With the pain, however, some good has surfaced as well.  I can look back and plainly see the Lord’s hand in my life at every turn.  Since I accepted him as an eight year old boy in Phoenix Avenue Baptist Church in Tulsa, Oklahoma He has never failed me – even when I failed Him.  He’s been present in every success and failure.  He gave me three heroes – my wife, my mother and my grandmother whom I adore and have learned so much from.  He’s even seen fit to use me for His glory in ways I never dreamed of, including adoption.  He’s given Martha and I a love for the ages, and blessed us with two beautiful daughters.

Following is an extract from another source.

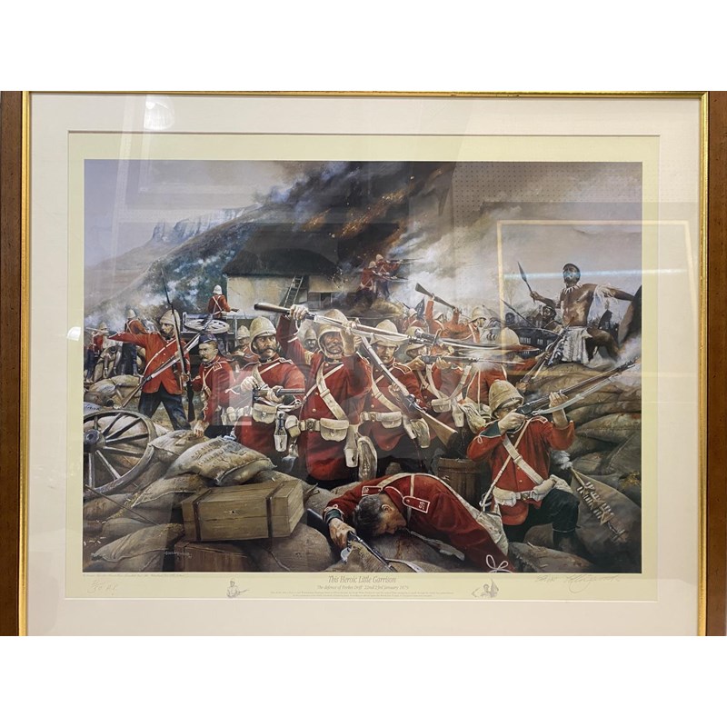 'THIS HEROIC LITTLE GARRISON' RORKES DRIFT PRINT. A colour print after John Collingwodd 'This Heroic Little Garrison' signed in pencil in the margin and numbered 21/50 A.P. framed and glazed, 69 x 83cm overall.
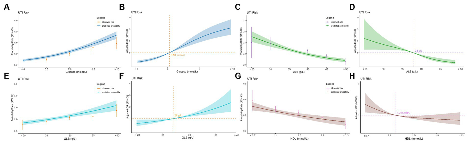 Figure 3. Relationship between four hematological indicators (blood glucose, albumin, globulin, and high-density lipoprotein) and UTIs in geriatric patients with hip fractures. (A) Predicted probabilities and the observed rate of UTIs (blood glucose). (B) Adjusted odds ratios (ORs) and 95% confidence intervals (CIs) are shown for each 1.5 mmol/L deviations away from the reference value (blood glucosse). (C) Predicted probabilities and the observed rate of UTIs (albumin). (D) Adjusted odds ratios (ORs) and 95% confidence intervals (CIs) are shown for each 5.0 g/L deviations away from the reference value (albumin). (E) Predicted probabilities and the observed rate of UTIs (globulin). (F) Adjusted odds ratios (ORs) and 95% confidence intervals (CIs) are shown for each 5.0 mmol/L deviations away from the reference value (globulin). (G) Predicted probabilities and the observed rate of UTIs (high-density lipoprotein). (H) Adjusted odds ratios (ORs) and 95% confidence intervals (CIs) are shown for each 0.4 mmol/L deviations away from the reference value (high-density lipoprotein).

So I guess the point is this: the prize is worth the pain of the race.  The adoption process isn’t a sprint, but a long, arduous marathon.  Maybe even a biathalon.  We swim through a sea of paper and run intrusive gauntlet and hurdle miles of red tape.  But we run with a prize in mind - the peace in knowing we’re answering the Lord’s call and the incredible, anticipated joy of wrapping our son up in our arms.  It’s a process I wouldn’t wish on my enemies with a prize that I wish everyone could experience – especially all of those precious children who need a home.  So it’s back to the pain, with a grateful heart to the Lord for His unfailing love, knowing that the best is yet to come.

Hey Lord, can you hold the prize a little higher?